___ DATA EXTRACT

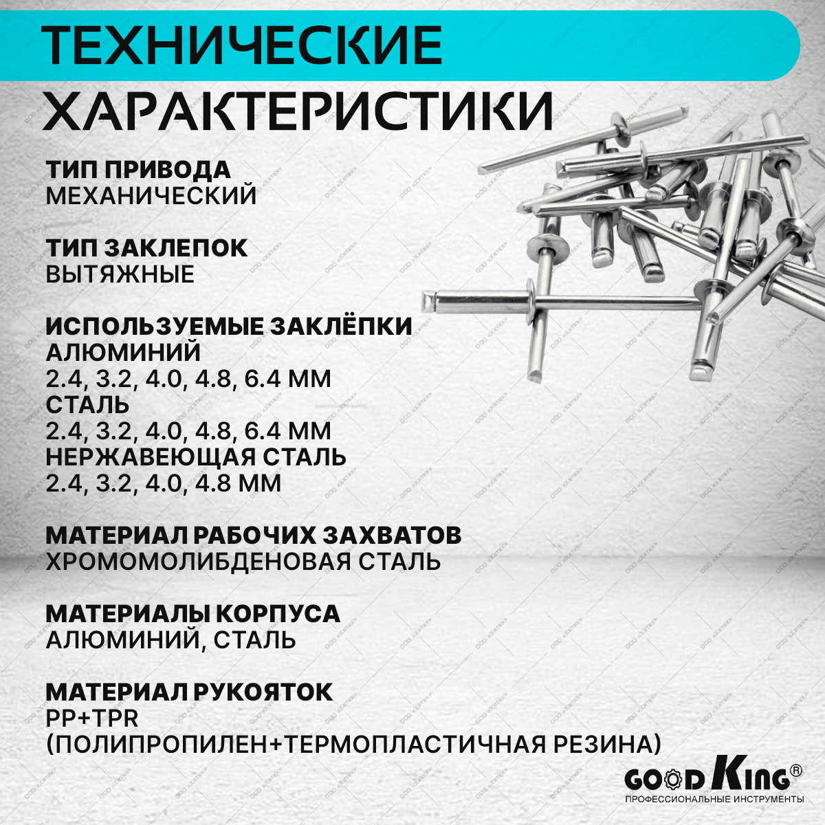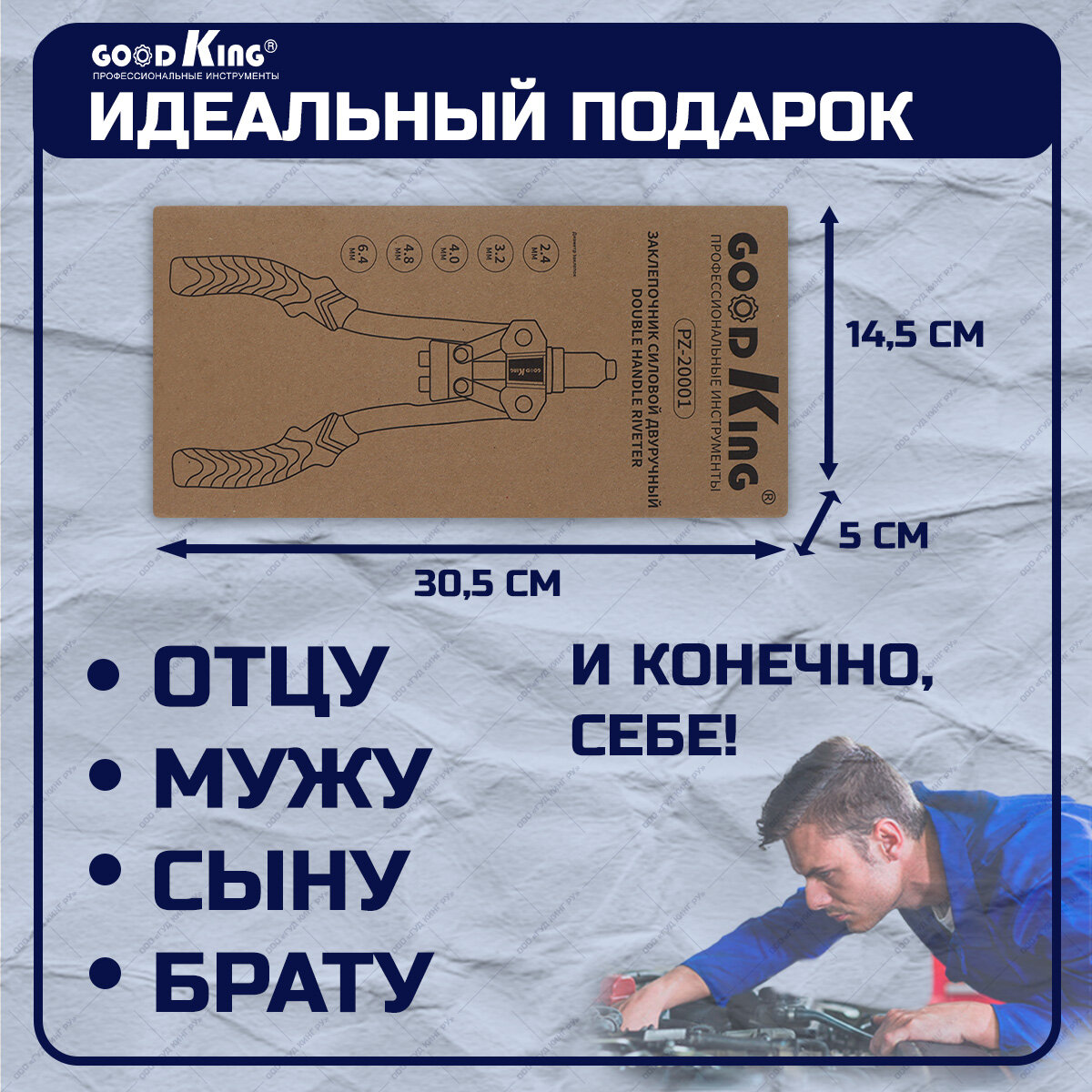 Заклёпочник GOODKING PZ-20001, двуручный для вытяжных заклёпок, 12 дюймов, усиленный интересное:
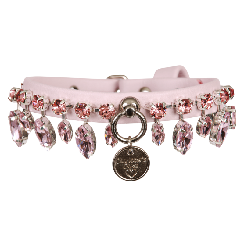 Raffinato collare, in morbida ecopelle, decorato con splendida catena di strass con pendenti. Il capo è cucito completamente a mano.
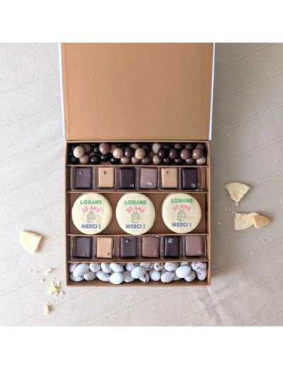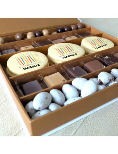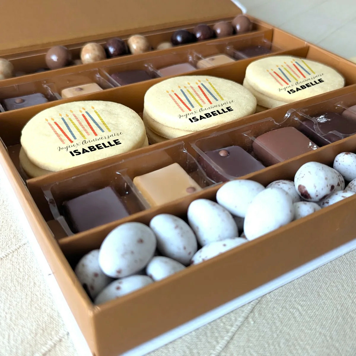 Envie d’un cadeau d’anniversaire original et personnalisé à offrir à un proche ? Le coffret L’Élégant est conçu pour les amateurs de très bons chocolats . Il réunit dans un bel écrin des sablés personnalisés, des pralinés Valrhona et des gourmandises croustillantes pour créer un coffret gourmand d’anniversaire prêt à offrir.
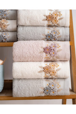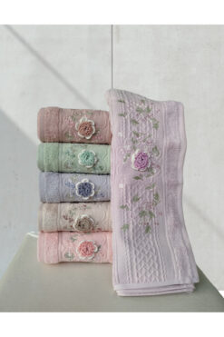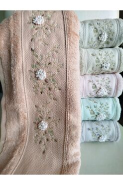 Hazangülü Buldan Üretimi Çeyizlik Nakışlı Eyşan Pamuk 6’lı El/Yüz Havlusu I 50×90

______

EXERCISE INSTRUCTIONS: For this exercise, repeat word for word only the lines from the one containing "Envie d’un cadeau" through the end of the data, including both. Pictures do not go in the copy.

WRITTEN RESPONSE:
 Envie d’un cadeau d’anniversaire original et personnalisé à offrir à un proche ? Le coffret L’Élégant est conçu pour les amateurs de très bons chocolats . Il réunit dans un bel écrin des sablés personnalisés, des pralinés Valrhona et des gourmandises croustillantes pour créer un coffret gourmand d’anniversaire prêt à offrir.
 Hazangülü Buldan Üretimi Çeyizlik Nakışlı Eyşan Pamuk 6’lı El/Yüz Havlusu I 50×90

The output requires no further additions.